OpenAI’s bet is that integration is the bottleneck, and a single model that does everything natively wins on latency and coherence even if any individual component isn’t best-in-class. That’s a defensible position for general-purpose voice agents. It’s a weaker pitch for specialized cases: medical transcription where you need an EHR-tuned model, call-center analytics where you need speaker diarization with named-entity extraction, anything where the output isn’t a conversation.
Practical notes
A few things worth knowing if you’re integrating this:
- Pricing for realtime audio is still significantly higher than text. The audio modality is roughly an order of magnitude more expensive per token than chat completions (pricing page), so streaming long calls gets expensive fast.
- The websocket has a session length cap. Long-running agents need to handle reconnection and context rehydration; the SDKs help but don’t fully abstract this.
- Server VAD is fine for prototypes.

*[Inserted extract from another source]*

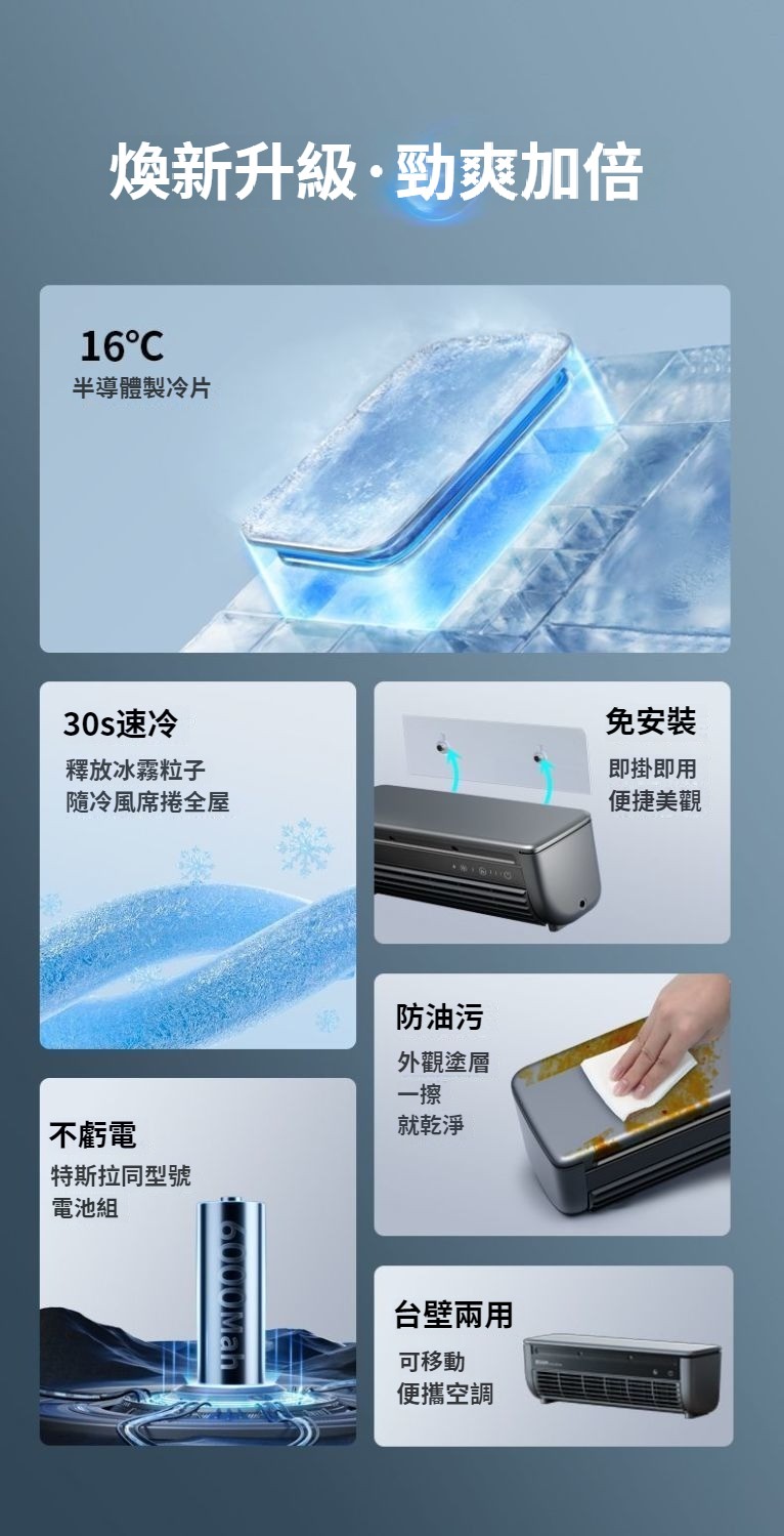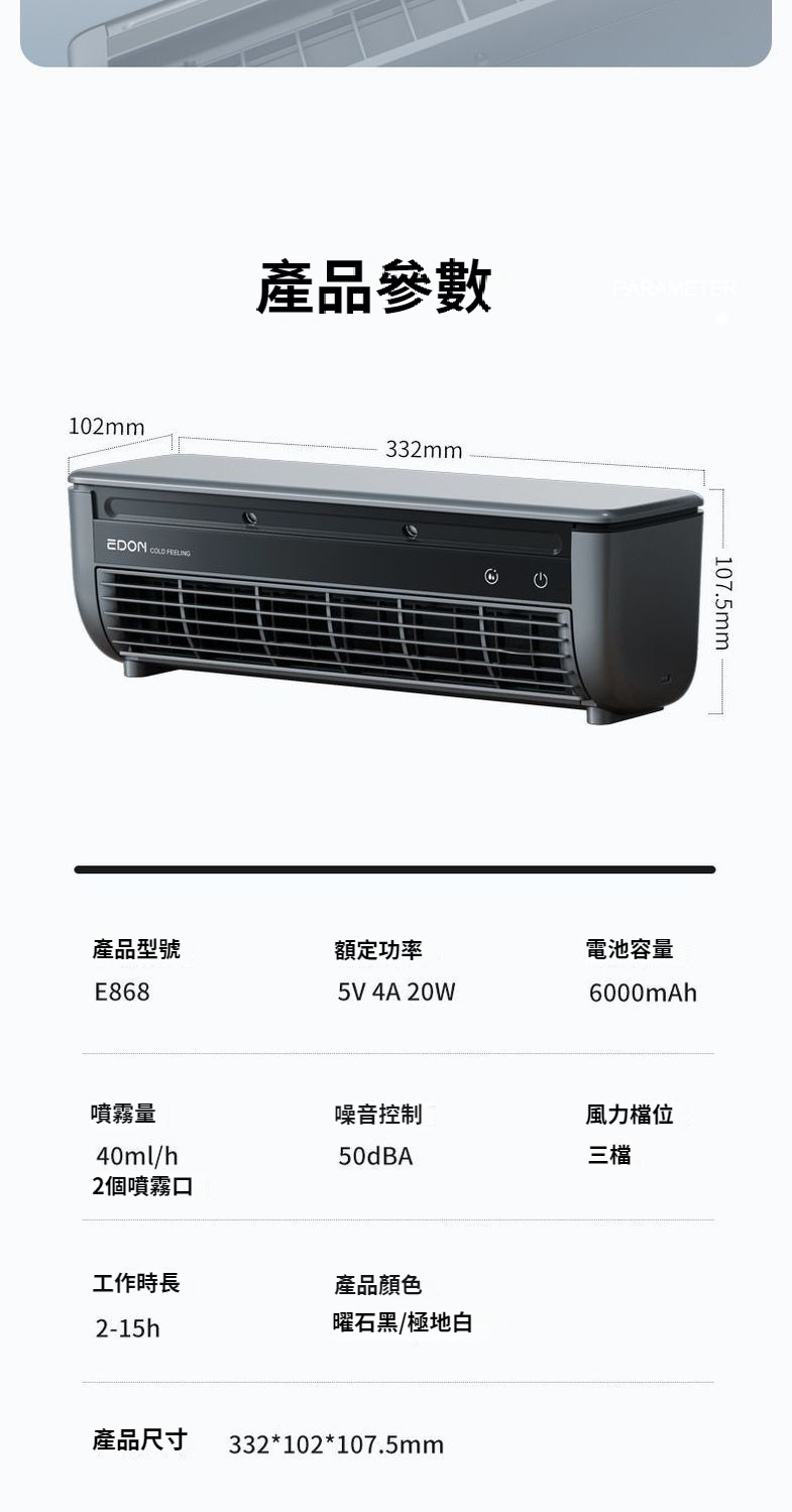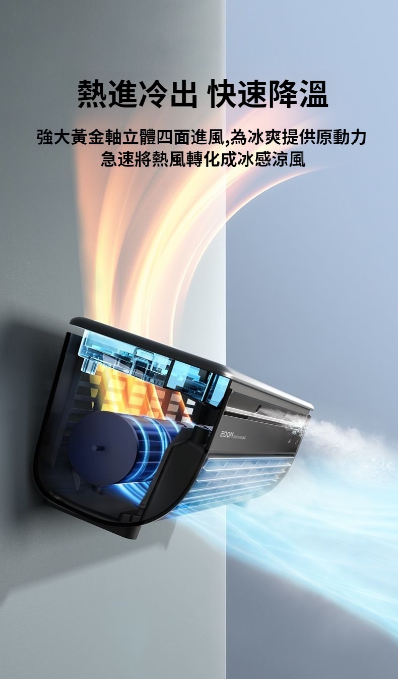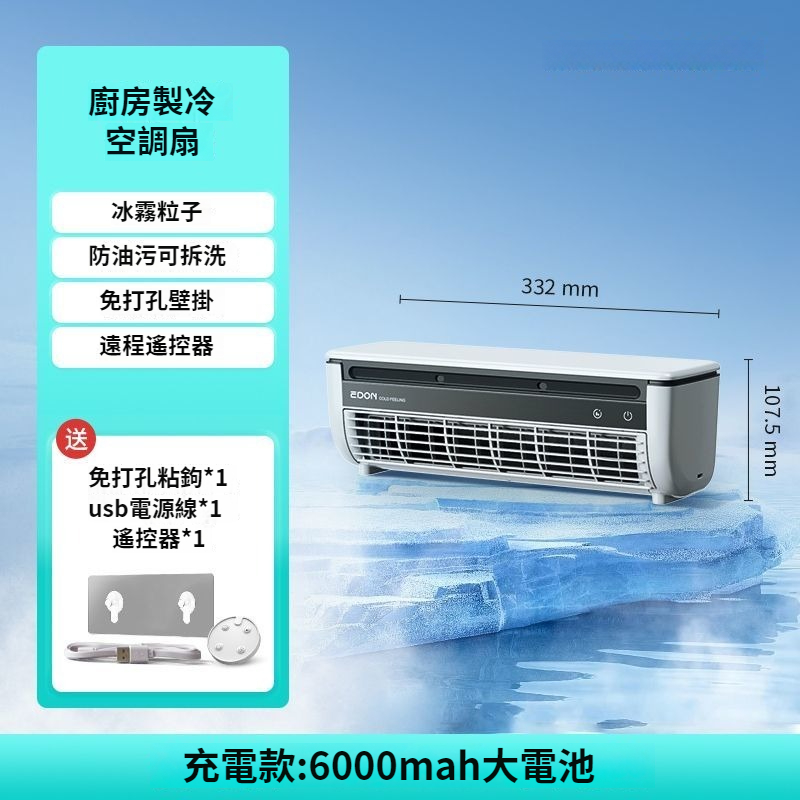 第 1 件 : 2025年新款冰霧扇E868廚房壁掛免打孔移動式空調扇

For production, consider client-side VAD with Silero or WebRTC’s built-in VAD. You’ll get tighter latency and more control over barge-in behavior.
- Function calling still works in realtime sessions, and you’ll want it. The reasoning model is smart but it can’t read your database.
The pattern I’d recommend for new builds: start with the Realtime API for the conversational layer, keep your tool implementations independent and stateless, and treat the model as a swappable component. The realtime voice space is moving fast enough that whatever you build today will be worth rewriting in eighteen months.